Harkin is, however, good value as our guide through Cyburbia's highways and byways. He knows its history too, and indeed excels at tracing its origins in the post-war science of cybernetics and the counter-culture of the 1960s and '70s. And he also numbers Marshall McLuhan as one of its fairy godfathers. McLuhan it was who observed that 'the medium is the message', an insight that has come true in a way that his contemporaries could never have imagined.

More than just a tour guide, Harkin is also our minder through the badlands of Cyburbia. We need security out there. We've gone further than McLuhan ever allowed: more than just the message, the medium has become an end in itself. That, at least, is the book's contention; hence its subtitle: The dangerous idea that's changing how we live and who we are.

Yes, who doesn't sometimes feel tethered to an 'electronic chain gang', a slave to technology rather than master of it? As we stopped simply reading from line to line down a page and began to jump from link to link, our mobiles metamorphosed from simple phones into computers in their own right. With added GPS, dial-up became broadband and Facebook statuses made way for Twitter tweets. The pace at which we live and those lives themselves have gone hyper.

And they have done so at the cost of burned-out circuits - our own - and what Harkin describes, quoting a former Microsoft researcher, as 'continuous partial attention'. Many of us know we spend too much time in that state of mental limbo between the office, our digital lives and our family and friends. And he is right to berate us about the risk of losing touch with who we are in this digital hinterland.

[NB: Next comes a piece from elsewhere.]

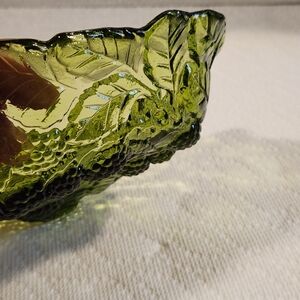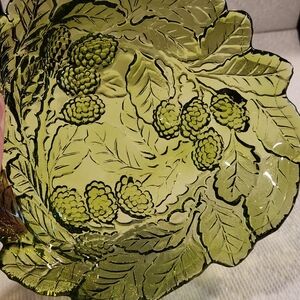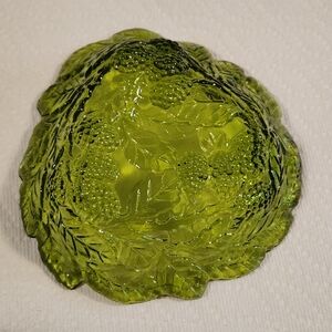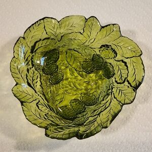 Vintage Indiana Glass Loganberry green glass candy dish or trinket dish with berries and leaves design. Beautiful discontinued piece in very good pre-owned condition.

But Harkin overstates his case in his image of us all as mere nodes in a huge online informational loop. Maybe, when Facebook was at the zenith of its popularity, its more enthusiastic evangelists believed their own hype and thought they were mapping the social world. But Facebook is not the world as we know it, nor its atlas; nor is it the same as the internet itself.

Rather than being a closed system that imprisons us, the web is much more sprawling, diverse and liberating than its critics allow. You don't have to take Google's 'Don't be evil' mantra at face value to accept that the internet's transformative power has been, on balance, hugely for the good.

Harkin sometimes sounds as paranoid as any deluded conspiracy theorist in the most whacko chatroom. Journalists who include search keywords in their copy online 'find themselves strapped uncomfortably into our electronic id', he argues, citing 'anecdotal evidence' that this sinister practice actually goes on. Apparently, 'if this were to become commonplace, it would bring the global electronic information loop promised by the gurus of cybernetics to a terrifying denouement'.

Well, as editor of the UK's fastest-growing newspaper website, I can assure you that my colleagues are encouraged to take account of what the strongest search terms are for any story they write. That's part of the basic hygiene of modern journalism. So I for one like Cyburbia, privet hedges and all. No-one's really in charge out here, but we prefer it that way.

Outsiders may look down their noses at us and what they disparage as our Stepford Wives existence. But give me our leafy, wide open spaces over the alternative any day.

Marcus Warren is the editor of Telegraph.co.uk.